Begin at the line below that holds "为进一步推进2026届研究生" and end at the line that holds "If the generator", transcribing each line exactly and skipping any picture.

◆ **Given information**:
***

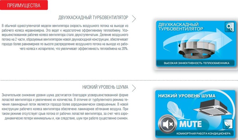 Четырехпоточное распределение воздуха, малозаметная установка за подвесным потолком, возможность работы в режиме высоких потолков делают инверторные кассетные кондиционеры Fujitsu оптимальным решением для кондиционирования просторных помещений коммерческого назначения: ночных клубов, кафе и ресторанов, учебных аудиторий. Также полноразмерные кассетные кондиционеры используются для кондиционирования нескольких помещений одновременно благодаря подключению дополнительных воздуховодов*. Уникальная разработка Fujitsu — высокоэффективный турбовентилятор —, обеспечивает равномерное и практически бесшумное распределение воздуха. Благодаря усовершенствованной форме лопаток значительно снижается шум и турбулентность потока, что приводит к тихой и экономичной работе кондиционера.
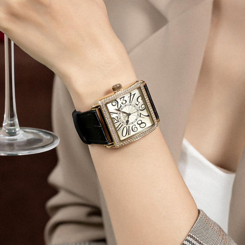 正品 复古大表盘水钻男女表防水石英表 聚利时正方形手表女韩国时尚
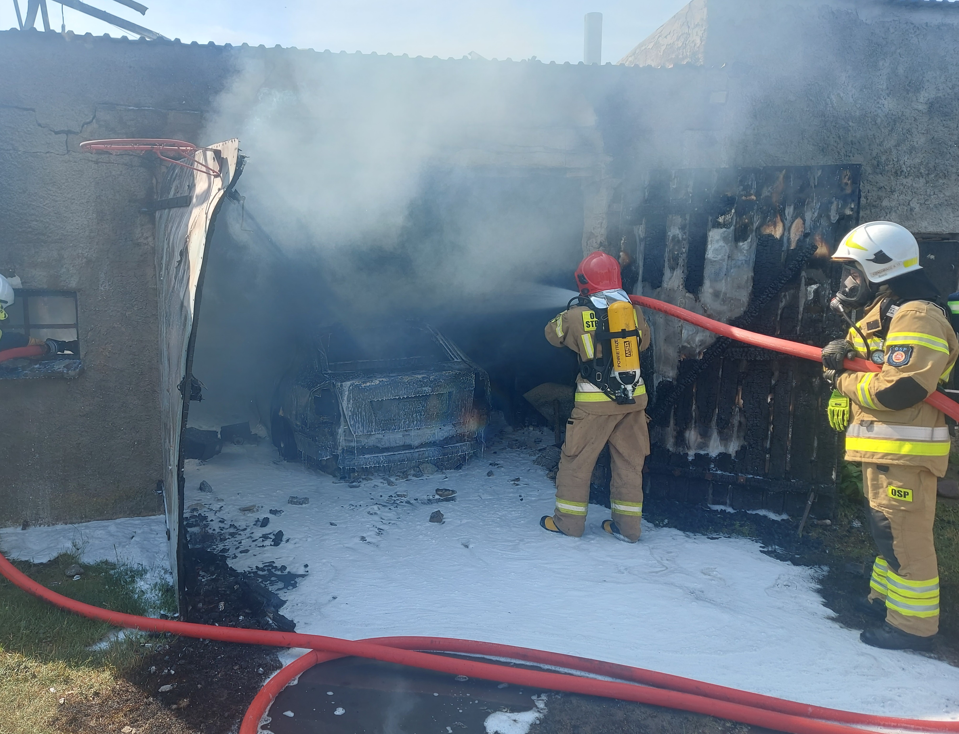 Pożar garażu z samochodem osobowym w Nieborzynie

***

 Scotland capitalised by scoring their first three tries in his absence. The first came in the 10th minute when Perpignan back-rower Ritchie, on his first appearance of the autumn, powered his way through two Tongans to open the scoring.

***

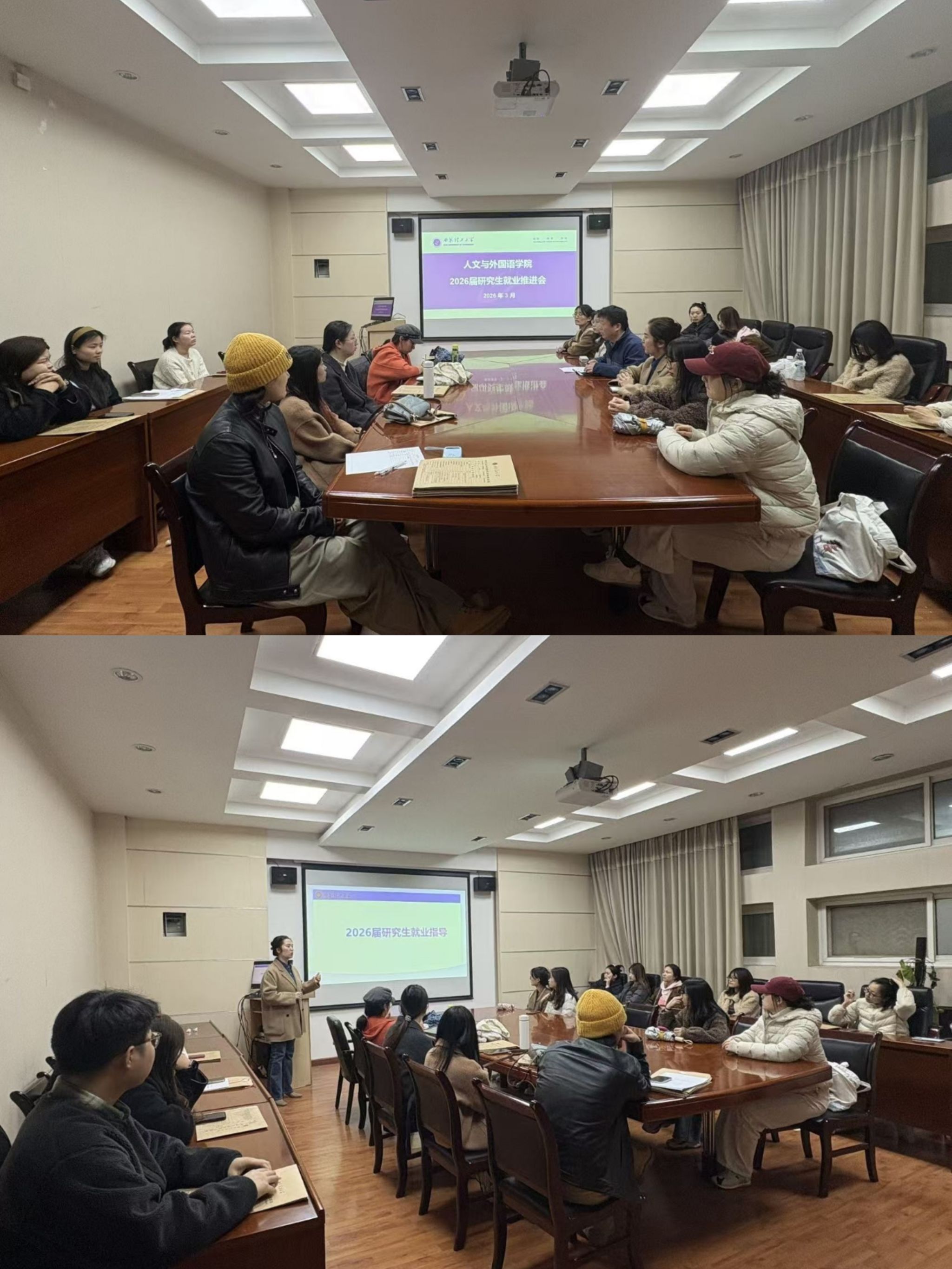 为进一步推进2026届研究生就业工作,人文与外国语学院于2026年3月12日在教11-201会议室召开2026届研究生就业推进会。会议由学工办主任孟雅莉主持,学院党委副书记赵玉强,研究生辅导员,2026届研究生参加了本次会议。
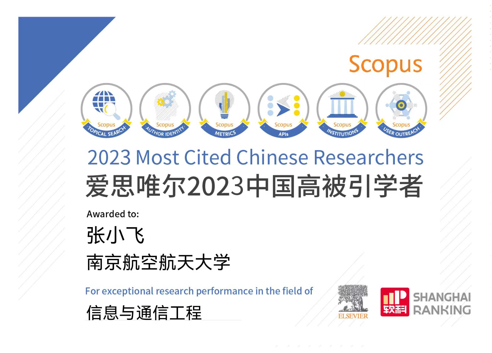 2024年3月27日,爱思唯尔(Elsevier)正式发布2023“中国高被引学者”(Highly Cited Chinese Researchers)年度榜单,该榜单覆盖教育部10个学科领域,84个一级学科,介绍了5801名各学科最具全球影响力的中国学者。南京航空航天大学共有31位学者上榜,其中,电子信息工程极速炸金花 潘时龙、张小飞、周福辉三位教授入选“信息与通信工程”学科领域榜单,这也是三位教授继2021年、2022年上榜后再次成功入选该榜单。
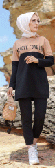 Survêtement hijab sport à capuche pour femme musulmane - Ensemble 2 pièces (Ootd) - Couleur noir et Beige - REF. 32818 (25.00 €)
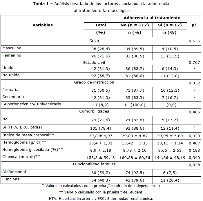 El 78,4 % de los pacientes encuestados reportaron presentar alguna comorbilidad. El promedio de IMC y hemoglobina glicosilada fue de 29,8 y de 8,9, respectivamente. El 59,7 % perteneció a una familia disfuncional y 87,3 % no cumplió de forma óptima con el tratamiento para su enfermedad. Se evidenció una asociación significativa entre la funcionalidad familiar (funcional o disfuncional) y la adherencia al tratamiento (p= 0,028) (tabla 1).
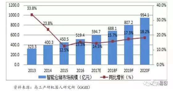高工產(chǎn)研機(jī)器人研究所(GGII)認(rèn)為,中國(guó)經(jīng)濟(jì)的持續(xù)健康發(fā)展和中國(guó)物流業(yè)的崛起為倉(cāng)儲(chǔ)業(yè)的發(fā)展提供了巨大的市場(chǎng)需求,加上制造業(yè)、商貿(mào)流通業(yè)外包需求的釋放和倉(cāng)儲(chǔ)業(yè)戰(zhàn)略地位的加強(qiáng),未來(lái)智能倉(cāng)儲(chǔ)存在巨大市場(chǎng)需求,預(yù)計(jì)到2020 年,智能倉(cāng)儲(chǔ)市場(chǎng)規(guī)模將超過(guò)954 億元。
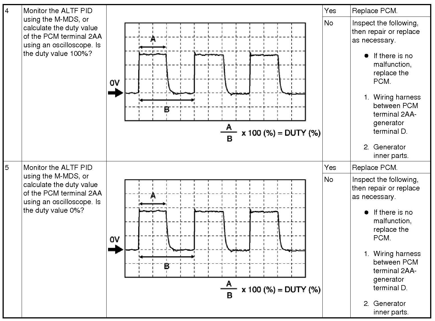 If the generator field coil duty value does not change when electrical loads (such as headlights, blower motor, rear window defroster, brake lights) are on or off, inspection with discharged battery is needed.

***

◆ **Written reply**:
 为进一步推进2026届研究生就业工作,人文与外国语学院于2026年3月12日在教11-201会议室召开2026届研究生就业推进会。会议由学工办主任孟雅莉主持,学院党委副书记赵玉强,研究生辅导员,2026届研究生参加了本次会议。
 2024年3月27日,爱思唯尔(Elsevier)正式发布2023“中国高被引学者”(Highly Cited Chinese Researchers)年度榜单,该榜单覆盖教育部10个学科领域,84个一级学科,介绍了5801名各学科最具全球影响力的中国学者。南京航空航天大学共有31位学者上榜,其中,电子信息工程极速炸金花 潘时龙、张小飞、周福辉三位教授入选“信息与通信工程”学科领域榜单,这也是三位教授继2021年、2022年上榜后再次成功入选该榜单。
 Survêtement hijab sport à capuche pour femme musulmane - Ensemble 2 pièces (Ootd) - Couleur noir et Beige - REF. 32818 (25.00 €)
 El 78,4 % de los pacientes encuestados reportaron presentar alguna comorbilidad. El promedio de IMC y hemoglobina glicosilada fue de 29,8 y de 8,9, respectivamente. El 59,7 % perteneció a una familia disfuncional y 87,3 % no cumplió de forma óptima con el tratamiento para su enfermedad. Se evidenció una asociación significativa entre la funcionalidad familiar (funcional o disfuncional) y la adherencia al tratamiento (p= 0,028) (tabla 1).
高工產(chǎn)研機(jī)器人研究所(GGII)認(rèn)為,中國(guó)經(jīng)濟(jì)的持續(xù)健康發(fā)展和中國(guó)物流業(yè)的崛起為倉(cāng)儲(chǔ)業(yè)的發(fā)展提供了巨大的市場(chǎng)需求,加上制造業(yè)、商貿(mào)流通業(yè)外包需求的釋放和倉(cāng)儲(chǔ)業(yè)戰(zhàn)略地位的加強(qiáng),未來(lái)智能倉(cāng)儲(chǔ)存在巨大市場(chǎng)需求,預(yù)計(jì)到2020 年,智能倉(cāng)儲(chǔ)市場(chǎng)規(guī)模將超過(guò)954 億元。
 If the generator field coil duty value does not change when electrical loads (such as headlights, blower motor, rear window defroster, brake lights) are on or off, inspection with discharged battery is needed.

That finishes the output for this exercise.